The Growth Agenda and Its Enemies

Op-Eds & Articles

Title

The Growth Agenda and Its Enemies

What can the government do to promote real job growth? Quite simply, get out of the way.

Even President Obama now seems to realize that rescuing America from its financial crisis requires getting Americans back to work. What he doesn’t seem to realize is that rejigging government spending to promote employment is just an artificial, short-term solution. So-called “green jobs” and other subsidy programs will not help put American employment back on a stable footing.

So what can the government do to promote real job growth? Quite simply, get out of the way. We don’t need to teach the grass to grow; we just need to move the rocks off of it. The rocks weighing down on the economy are government rules and regulations — in other words, bureaucracy and overregulation.

According to the Small Business Administration, federal rules and regulations — from the Fair Labor Standards Act to the Polygraph Protection Act — cost small businesses $10,000 annually per employee in compliance costs. To put that in perspective: That would take a company with 10 employees from making a $100,000 profit to just breaking even.

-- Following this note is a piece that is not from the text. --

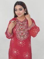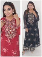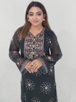 The beautiful floral print is enhanced with fine embroidery and sequence work, creating a graceful and eye-catching look. The readymade design ensures easy wear, while the body size range of 38–46 inches provides a comfortable and flattering fit. With a 47-inch kameez length and 39-inch pant length, this outfit delivers a perfect balance of style and comfort.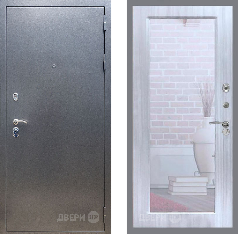 Входная Дверь Рекс (REX) 11 Зеркало Пастораль Сандал белый 860x2050 мм

Take away those rules and regulations and that firm could use those profits to hire another employee and reinvest the rest in the business (in raises or new office space, for example). With the bureaucracy in place, however, you might consider letting someone go in the current business environment.

The mere threat of new regulation — from the EPA’s new emissions regulations to the simple requirement to provide “free” birth control in health insurance plans — is enough to force any prudent business manager to think again about hiring new staff or even retaining all existing staff. The costs from new regulations are just as real as those from new taxes or restrictions on business.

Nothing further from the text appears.